For C2), there will be no impact if you are just adding it to a single document. The limit is purely based on the incoming load and what servers it gets assigned to.

0
votes

For the community: Firestore updated their documentation to include more detail into why there is a limit on 500 per second writes, and also a suggested solution on how to overcome it.

https://firebase.google.com/docs/firestore/solutions/shard-timestamp

Solution

  1. Add a shard field alongside the timestamp field. Use 1..n distinct values for the shard field. This raises the write limit for the collection to 500*n, but you must aggregate n queries.
  2. Update your write logic to randomly assign a shard value to each document.
  3. Update your queries to aggregate the sharded result sets.
  4. Disable single-field indexes for both the shard field and the timestamp field.
  5. Delete existing composite indexes that contain the timestamp field. Create new composite indexes to support your updated queries. The order of the fields in an index matters, and the shard field must come before the timestamp field. Any indexes that include the timestamp field must also include the shard field.

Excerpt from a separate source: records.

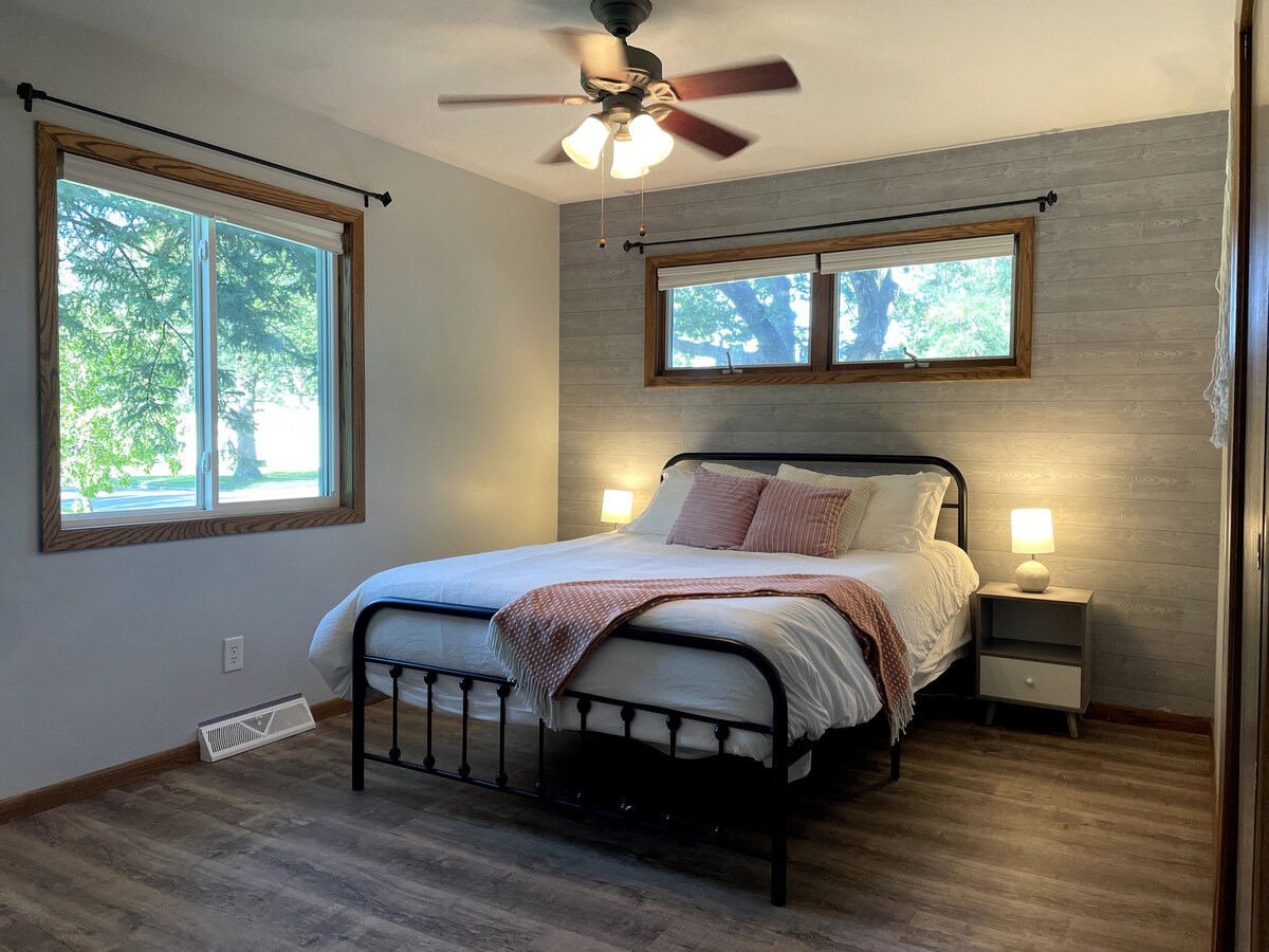 The premier room features a comfortable queen-sized bed, offering a cozy retreat in our charming house. Nestled in Brookings, SD and 1 mile off of I-29, this suburban setting provides both serenity and easy access. Enjoy the perks of very fast Wi-Fi and a convenient location during your entire stay.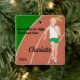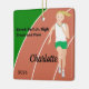 Blonde Track and Field Girl in Green and White Ceramic Ornament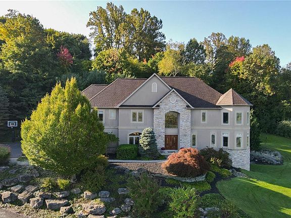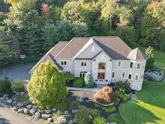 Perched high atop a hillside in Blue Ridge Estates this stately home has views that go on for miles. The 2-story foyer welcomes you flanked on either side by the living and dining rooms. This grand feel continues into the 2-story family room with stone fireplace and sky lights. The gourmet kitchen with GE Monogram & Bosch appliances serves as a focal point for entertaining. The 1st floor includes nanny or in-law quarters with a private bedroom, full bath and library. Upstairs, the master suit is the ideal retreat with fabulous views and a cozy 2-sided gas fireplace. 3 additional BR’s, 2 BA’s, a laundry room and a playroom complete the upstairs. The walk-out lower level allows for entertainment & relaxation featuring a theater room, gym, wet bar, rec room, workshop area and full bath. With 4964 SF on 2+ acres w/ a 4 car garage on public utilities in Southern Lehigh, this is a truly special place. Easy access to I-78 & PA turnpike & close to SVCC, Rails to Trails, Promenade Shops & more.

Warning (not highlighted in the docs)

They don't call it out specifically in the docs, but shards may increase the number of reads you have to do. As you can see in Step 1 you must aggregate across shards.

E.g. in the example there are 3 shards, and the limit is 5. The query returns up to 15 documents, but you only want 5. So it slices it back down to 5 at the end.

This would be particularly problematic if you have [10] shards (5000 writes per second) and want the limit to be [50]. You would be aggregating across [500] docs when you only want [50].

Understanding the write for limit sequential indexed fields

The limit on the write rate for sequential indexed fields comes from how Cloud Firestore stores index values and scales index writes. For each index write, Cloud Firestore defines a key-value entry which concatenates the document name and the value of each indexed field. Cloud Firestore organizes these index entries into groups of data called tablets. Each Cloud Firestore server holds one or more tablets. When the write load to a particular tablet becomes too high, Cloud Firestore scales horizontally by splitting the tablet into smaller tabletsand spreading the newtablets` across different Cloud Firestore servers.

Cloud Firestore places lexicographically close index entries on the same tablet. If the index values in a tablet are too close together, such as for timestamp fields, Cloud Firestore cannot efficiently split the tablet into smaller tablets. This creates a hot spot where a single tablet receives too much traffic, and read and write operations to the hot spot become slower.

By sharding a timestamp field, you make it possible for Cloud Firestore to efficiently split workloads across multiple tablets. Although the values of the timestamp field might remain close together, the concatenated shard and index value give Cloud Firestore enough space between index entries to split the entries among multiple tablets.